What you need to do:
Exact copy required. Repeat the records, but keep the pictures out.
○ ○ ○ ○
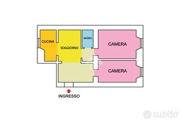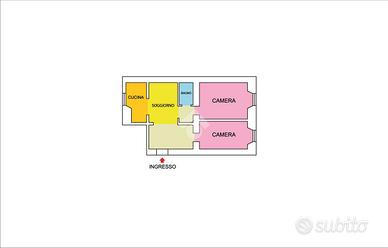 L'immobile, di 108 mq commerciali, si trova al quinto piano ed è internamente da rivedere, rappresentando una soluzione interessante per chi desidera personalizzare gli spazi secondo le proprie esigenze. L'ingresso conduce a un ampio disimpegno che distribuisce gli ambienti: da qui si accede alla zona giorno, collegata a un cucinotto con affaccio interno, mentre la zona notte è composta da due camere con affaccio libero e da un bagno.
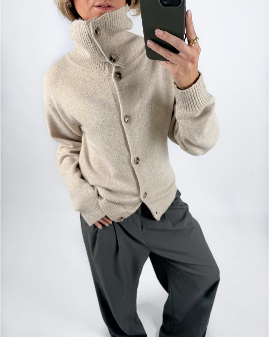 – Cardigan med v-ringning.
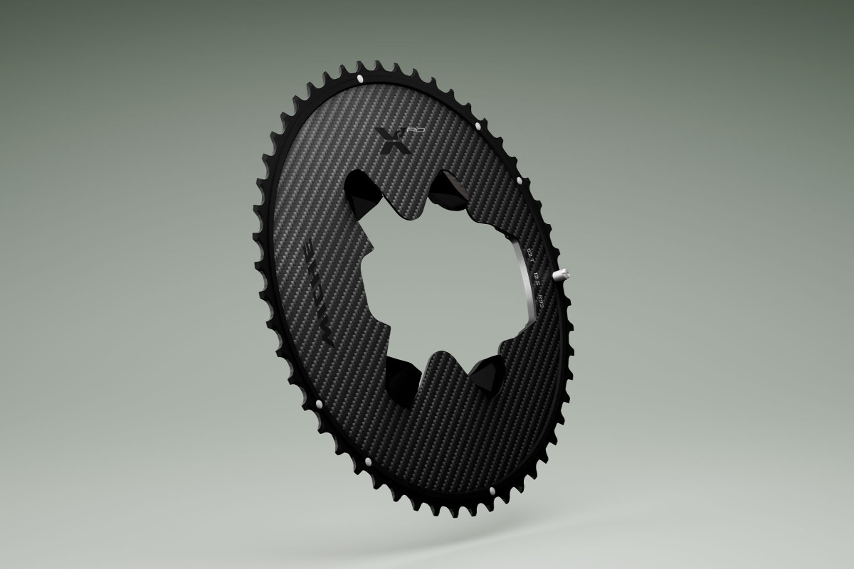 グルパマFDJをサポートするイタリアンパーツブランドのミケより、ロード用カーボンチェーンリングが登場。X2 RDは、ミケの理想のチェーンリングとして、優れたパワートランスファーを実現する高剛性なカーボンチェーンリングだ。
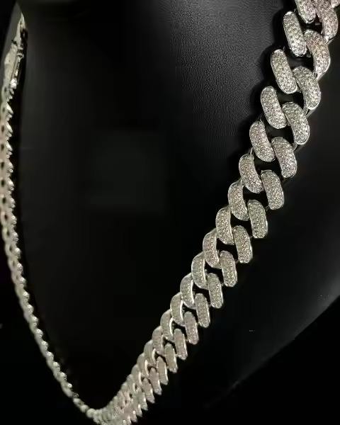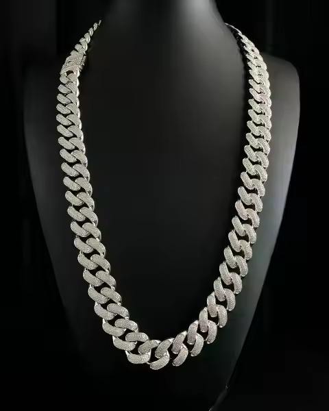 สร้อยคอโซ่ไมอามี่18มม. แนวฮิปฮอป925สเตอลิงสีเงินสีขาวชุบทอง VVS เพชรโมอิสซาไนต์สุดหรูทันสมัย
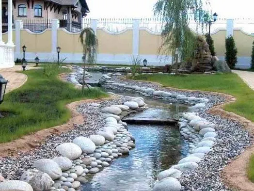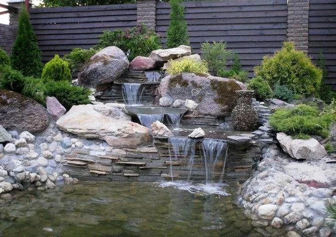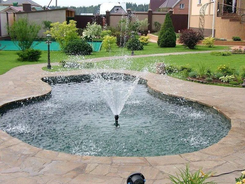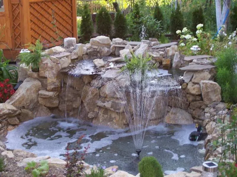 Основой выступает присутствующий на дачном участке водоем. Движение воде придает насос, благодаря которому она поступает в трубу, оборудованную насадками, формирующими форму и направление струи.
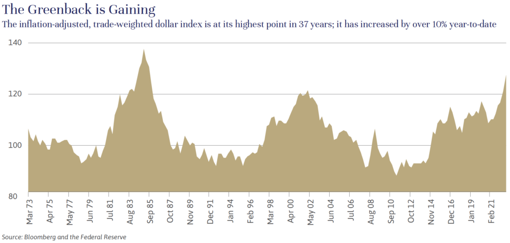 The U.S. dollar hasn’t been this strong since 1985, right before representatives from West Germany, France, the United Kingdom, Japan, and the United States met at the Plaza Hotel in New York City with the shared goal of driving the dollar down, to improve the global trade balance. That degree of collaboration this time around seems unlikely and, as yet, unwarranted, but investors everywhere might have reason to hope that the dollar loses at least a little steam.
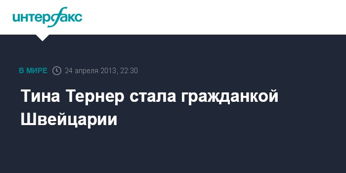 Женева. 24 апреля. INTERFAX.RU - Всемирно известная американская поп-исполнительница Тина Тернер получила гражданство Швейцарии, сообщила в среду цюрихская газета Blick.
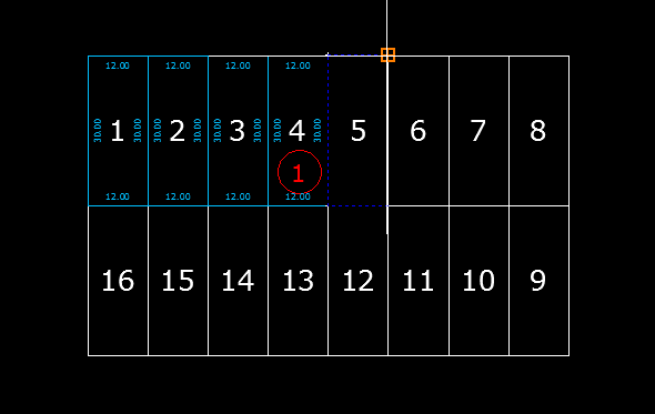 A quadra já com todas as divisas dos lotes desenhadas, com as dimensões automaticamente criadas.
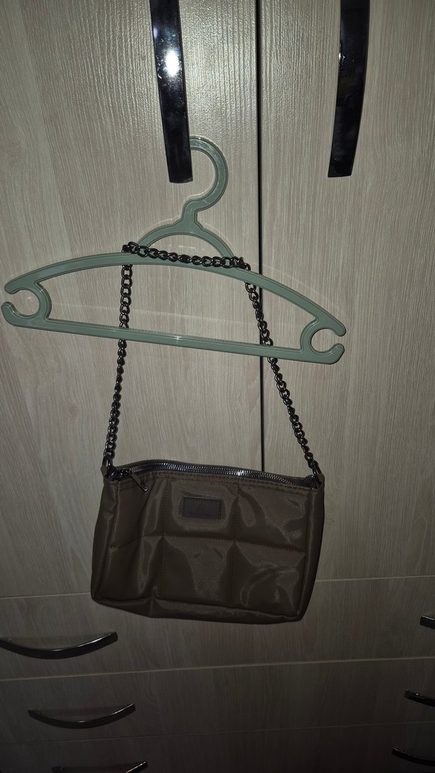 Kahverengi deri kadın çanta, zincir detaylı ve desen içermeyen minimalist tasarıma sahiptir, günlük kullanıma uygundur.
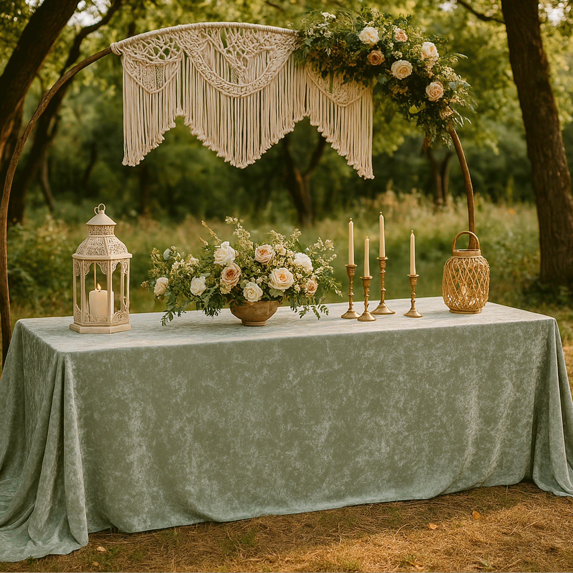 90 x 132 Inch Rectangular Crushed Velvet Tablecloth Sage
○ ○ ○ ○
Expected answer:
 L'immobile, di 108 mq commerciali, si trova al quinto piano ed è internamente da rivedere, rappresentando una soluzione interessante per chi desidera personalizzare gli spazi secondo le proprie esigenze. L'ingresso conduce a un ampio disimpegno che distribuisce gli ambienti: da qui si accede alla zona giorno, collegata a un cucinotto con affaccio interno, mentre la zona notte è composta da due camere con affaccio libero e da un bagno.
 – Cardigan med v-ringning.
 グルパマFDJをサポートするイタリアンパーツブランドのミケより、ロード用カーボンチェーンリングが登場。X2 RDは、ミケの理想のチェーンリングとして、優れたパワートランスファーを実現する高剛性なカーボンチェーンリングだ。
 สร้อยคอโซ่ไมอามี่18มม. แนวฮิปฮอป925สเตอลิงสีเงินสีขาวชุบทอง VVS เพชรโมอิสซาไนต์สุดหรูทันสมัย
 Основой выступает присутствующий на дачном участке водоем. Движение воде придает насос, благодаря которому она поступает в трубу, оборудованную насадками, формирующими форму и направление струи.
 The U.S. dollar hasn’t been this strong since 1985, right before representatives from West Germany, France, the United Kingdom, Japan, and the United States met at the Plaza Hotel in New York City with the shared goal of driving the dollar down, to improve the global trade balance. That degree of collaboration this time around seems unlikely and, as yet, unwarranted, but investors everywhere might have reason to hope that the dollar loses at least a little steam.
 Женева. 24 апреля. INTERFAX.RU - Всемирно известная американская поп-исполнительница Тина Тернер получила гражданство Швейцарии, сообщила в среду цюрихская газета Blick.
 A quadra já com todas as divisas dos lotes desenhadas, com as dimensões automaticamente criadas.
 Kahverengi deri kadın çanta, zincir detaylı ve desen içermeyen minimalist tasarıma sahiptir, günlük kullanıma uygundur.
 90 x 132 Inch Rectangular Crushed Velvet Tablecloth Sage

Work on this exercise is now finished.